# What is this worth? '41 DX



## Wayne Adam (May 16, 2013)

What is this bike actually worth? The guy first emailed me stating that he wanted
"Best offer over $1,000.00", now it's at $750.00, still way too high.
 I got my '40 DX for $300.00, so no way can this be worth close to what he is asking.
 What do you guys think?.....................Wayne
http://allentown.craigslist.org/bik/3795543904.html


----------



## Obi-Wan Schwinnobi (May 16, 2013)

Wayne Adam said:


> What is this bike actually worth? The guy first emailed me stating that he wanted
> "Best offer over $1,000.00", now it's at $750.00, still way too high.
> I got my '40 DX for $300.00, so no way can this be worth close to what he is asking.
> What do you guys think?.....................Wayne
> http://allentown.craigslist.org/bik/3795543904.html



Im with you Wayne, 300..... Its a DX..... Not an autocycle!


----------



## Freqman1 (May 16, 2013)

It looks to be a complete, original bike so if I were really wanting it I may go to about $450 max. I bought my '39 DX with springer a couple of years ago here on the CABE for about $650 I think. V/r Shawn


----------



## Obi-Wan Schwinnobi (May 16, 2013)

This is the second time ive seen 41 bikes with truss rods that don't have the fork braces ...hmmmm


----------



## daved66 (May 16, 2013)

all depends on how badly you like it.  i have paid way tomuch for some bikes, only 
because i had to have it.  yet others i pay way too little for.  so it averages out


----------



## Freqman1 (May 16, 2013)

fatbar said:


> This is the second time ive seen 41 bikes with truss rods that don't have the fork braces ...hmmmm




I didn't even catch that. A better pic of the dropouts may clear some things up too. V/r Shawn


----------



## Obi-Wan Schwinnobi (May 16, 2013)

Freqman1 said:


> I didn't even catch that. A better pic of the dropouts may clear some things up too. V/r Shawn




It has the prewar drop outs... And after some research, dx didnt have the fork braces.... Learn sumptin new evry day


----------



## Freqman1 (May 16, 2013)

fatbar said:


> It has the prewar drop outs... Schwinn was probably starting to switch over to more the postwar style at this time.. The dx seems to be the test bed so too speak with mods... Bet the serial starts with an I




Per CL  listing serial # is H75246. V/r Shawn


----------



## Obi-Wan Schwinnobi (May 16, 2013)

Freqman1 said:


> Per CL  listing serial # is H75246. V/r Shawn




Guess I should have read the listing.. Damn pictures distract me


----------



## ohdeebee (May 16, 2013)

fatbar said:


> This is the second time ive seen 41 bikes with truss rods that don't have the fork braces ...hmmmm




I don't think any DX models had the braced fork. Standard fork with trusses seems to be the norm.


----------



## Obi-Wan Schwinnobi (May 16, 2013)

ohdeebee said:


> I don't think any DX models had the braced fork. Standard fork with trusses seems to be the norm.
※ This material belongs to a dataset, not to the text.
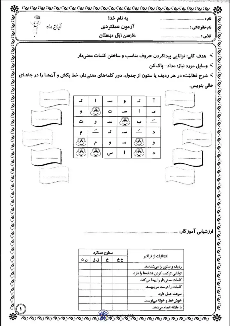 کاربرگ آزمون فارسی آبان ماه اول دبستان طوری طراحی شده که کودک بدون نیاز به راهنمایی زیاد، بهصورت کاوشمحور عمل کند و با پیدا کردن هر کلمه، احساس موفقیت و پیشرفت داشته باشد.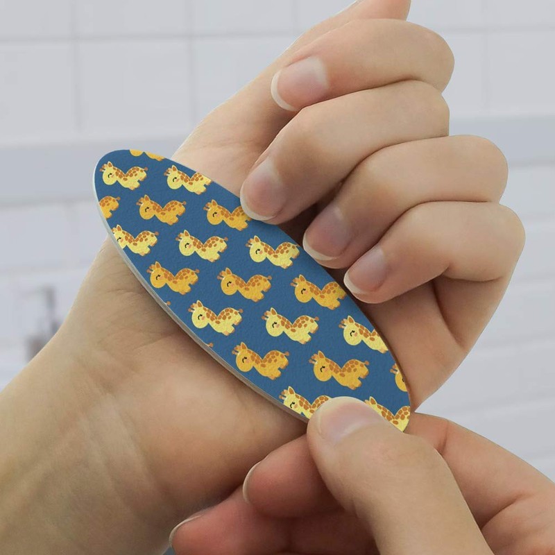 Cute Kawaii Baby Giraffes Pattern Double-Sided Oval Nail File Emery Board Set 4 Pack

Now that I think about it, I believe you are right my good sir!


----------



## Wayne Adam (May 16, 2013)

*DX Truss Rods*

Here are some pictures of my 1940 DX...Truss Rods with no fork brace. I thought that is how all DX's were.........Wayne


----------



## Xcelsior (May 19, 2013)

*Stick a fork in it*



fatbar said:


> Now that I think about it, I believe you are right my good sir!




Most dx models came equipped with the standard non truss fork, but there were a few models that came with a truss fork.  The examples that I have and have seen were painted with spears, not stripes.  So yes, dx models although few came with truss forks as well.


----------



## ohdeebee (May 22, 2013)

*I stand corrected*

Original paint, prewar DX with braced truss fork.


----------